The logo of the faculty during its 55th anniversary in 2024

The department split from the Faculty of Social Sciences to become the autonomous School of Law in 1978, and became a faculty in its own right in 1984. By then, the faculty had two departments, the Department of Law, headed by Bob Allcock, who would later go on to be Solicitor General of Hong Kong, and the Department of Professional Legal Education, headed by Peter Willoughby, with the total number of academic staff exceeding 30. In 1986, the faculty introduced its first Master of Laws programme, focusing on Chinese and international trade law. Peter Rhodes succeeded Dafydd Evans as dean in 1987.
The faculty moved to the K.K. Leung Building in 1989, occupying three floors, with the law library more than quadrupling in size. In 1995, the faculty established the Center for Comparative and Public Law, its first research centre.
=== 21st century ===
HKU Law jointly created the Law and Technology Centre with the Department of Computer Science in 2001. The centre runs the Hong Kong Legal Information Institute, which provides free online access to legislation, case law and other legal materials, and also operates the Hong Kong Community Legal Information Centre.

The faculty moved to a dedicated building located in the newly constructed Centennial Campus in 2012. The 11-floor tower, named after businessman Cheng Yu Tung, houses faculty offices, the law library, student societies, classrooms, and lecture theatres.

In 2024, the faculty adopted a unitary structure, merging the former Department of Law and Department of Professional Legal Education.

==Academics==

=== Centres ===
HKU Law is home to seven research centres and institutes.

- Asian Institute of International Financial Law (1999)
- Centre for Comparative and Public Law (1995)
- Centre for Interdisciplinary Legal Studies (2023)
- Centre for Medical Ethics and Law (2012)
- Centre for Private Law (2025)
- Law and Technology Centre (2001)
- Philip K.H. Wong Centre for Chinese Law (2009)

=== Degrees offered ===
The faculty offers a 4-year Bachelor of Laws program, four 5-year double-degree programs: BSocSc (Government and Laws) - LLB, BBA (Business and Laws) - LLB, BA (Literary Studies) - LLB, and BSc - LLB in conjunction with other faculties of the university, a 2-year intensive JD program (for non-law graduates), a professional qualification program (PCLL), and a variety of LLM programmes focusing on human rights, Chinese law, Compliance and Regulation, corporate law and financial law, information technology and intellectual property, and arbitration. It also offers various research postgraduate programs, including MPhil, PhD and SJD.
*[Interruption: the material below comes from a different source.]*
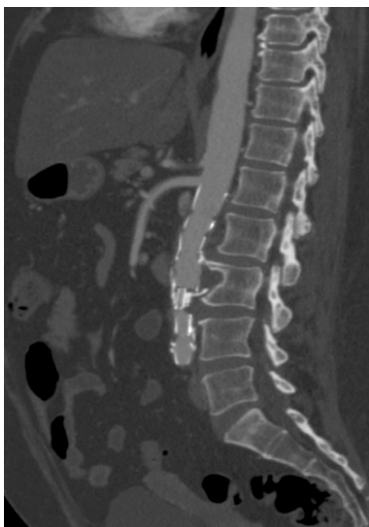
Figure 4. Postoperative sagittal angiotomography showing endoprosthesis within the aneurysm sac, excluding it, with no evidence of endoleaks.

Six members of the faculty have been conferred the honour of Teaching Fellows by the University, rendering it one of the Departments with the largest number of Teaching Fellows in the University. The faculty also plays host to many scholars and academic conferences each year. The faculty works closely with the legal profession. Its PCLL programme provides an entry qualification to the legal profession in Hong Kong.

== Student life ==
Students in the faculty are represented by the Law Association, which is affiliated with the Hong Kong University Students' Union (HKUSU). The association publishes Vox Populi, a bi-annual publication that focuses on current affairs, and organises career events, talks, and social events for students. It formerly published Justitia, a law review, until 1986.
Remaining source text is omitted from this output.